Ein gut bestelltes Haus sieht anders aus

Philipp Hafner, Quelle: Verlag Helmut Richardi

Mario Draghi und die Deutschen - das war in den vergangenen acht Jahren bekanntlich eine ziemlich komplizierte Beziehung. Im Rest der Währungsunion als Euro-Retter und hochversierter Ökonom gepriesen und bewundert, überwiegt im Volk der Sparer eindeutig der Unmut über Null- und Negativzinsen, die Vermögensaufbau und Altersvorsorge zu einer Sisyphos-Arbeit haben werden lassen.

Entsprechend unterkühlt fiel nun das Gros der hierzulande gezogenen Resümees zum Abschied des EZB-Präsidenten aus. Auf die Spitze trieb es hierbei die zuletzt unter anderem von Bundesbank-Präsident Jens Weidmann als Plattform zur Kritik an Draghi genutzte Bild-Zeitung, die den zu Beginn seiner Amtszeit noch zum Preußen erklärten Italiener als "Graf Draghila" schmähte und zugleich die einst aus diesem Grund verliehene Pickelhaube empört zurückforderte.

Das hat natürlich wenig Stil und zur Ehrenrettung der Deutschen darf daran erinnert werden, dass es durchaus Orte gibt, an denen man sehr wohl warme Abschiedsworte für Mario Draghi übrig hatte. So zum Beispiel im Internationalen Congress Center München, kurz ICM, wo Anfang Oktober so einige der über 45 000 Besucher der Expo Real förmlich ins Schwärmen gerieten. Und wer will es ihnen verübeln? Schließlich schwimmt die Immobilienwirtschaft wie das sprichwörtliche Fettauge ganz oben auf der Suppe aus Minuszinsen und Anlagedruck. "Im Prinzip müssten wir Draghi ein Denkmal setzen", war da unter anderem zu hören. Oder: "Konjunkturdelle hin oder her, dank Draghi gilt die Devise: Betongold forever!"

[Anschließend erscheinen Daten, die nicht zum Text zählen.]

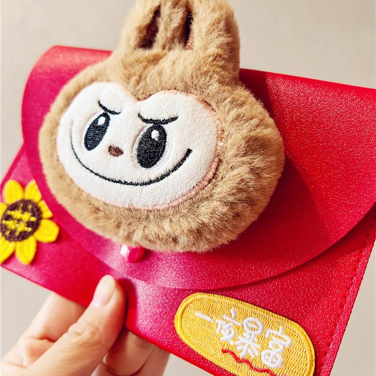 新年压岁钱毛绒收纳包皮质利是封带挂绳华人春节横款竖款万元红包

Das hätte Draghi sicher gefreut, wobei: Vielleicht hätte er den Bewunderern stattdessen doch eher eindringlich ins Gewissen geredet und Vorsicht angemahnt. Denn war er es nicht höchstpersönlich, der vor einigen Monaten noch in seiner Funktion als Vorsitzender des Europäischen Ausschuss für Systemrisiken (ESRB) vor potenziellen Preisblasen an den Immobilienmärkten warnte - ein wenig wie der Brandstifter, der die Feuerwehr ruft? Wie dem auch sei: Das Beispiel ist nur eines von vielen, das belegt, wie ambivalent Draghis Wirken und Vermächtnis letztlich ist.

Er handelte überaus mutig und entschlossen, als es darum ging, die Eurozone und deren Währung auf dem Höhepunkt der Staatsschuldenkrise vor dem Kollaps zu bewahren. Seine berühmten Worte "Whatever it takes" gelten mittlerweile zurecht als Meisterstück der geldpolitischen Rhetorik. Im Anschluss agierte er dann aber gleichwohl bemerkenswert mutlos, als es darum ging, die europäische Geldpolitik wieder in halbwegs geordnete Bahnen zurückzuführen. Gewiss, in der Eurozone lief es wirtschaftlich zuletzt nicht mehr rund, darunter leidet wiederum die Inflation(serwartung). Die nun im September gegen viel Widerstand durchgeboxte Reaktivierung des Anleihekaufprogramms wird daran allerdings nichts ändern.

Schwer wiegt in diesem Zusammenhang, dass Draghi einen beispiellos zerstrittenen EZB-Rat hinterlässt und darüber hinaus durch die unnötige Rückkehr in den Vollkrisenmodus kurz vor Amtsabtritt endgültig keinerlei Handlungsspielräume im Falle einer Rezession mehr bestehen. Ein "gut bestelltes Haus", das jeder Chef hinterlassen möchte, sieht sicher anders aus.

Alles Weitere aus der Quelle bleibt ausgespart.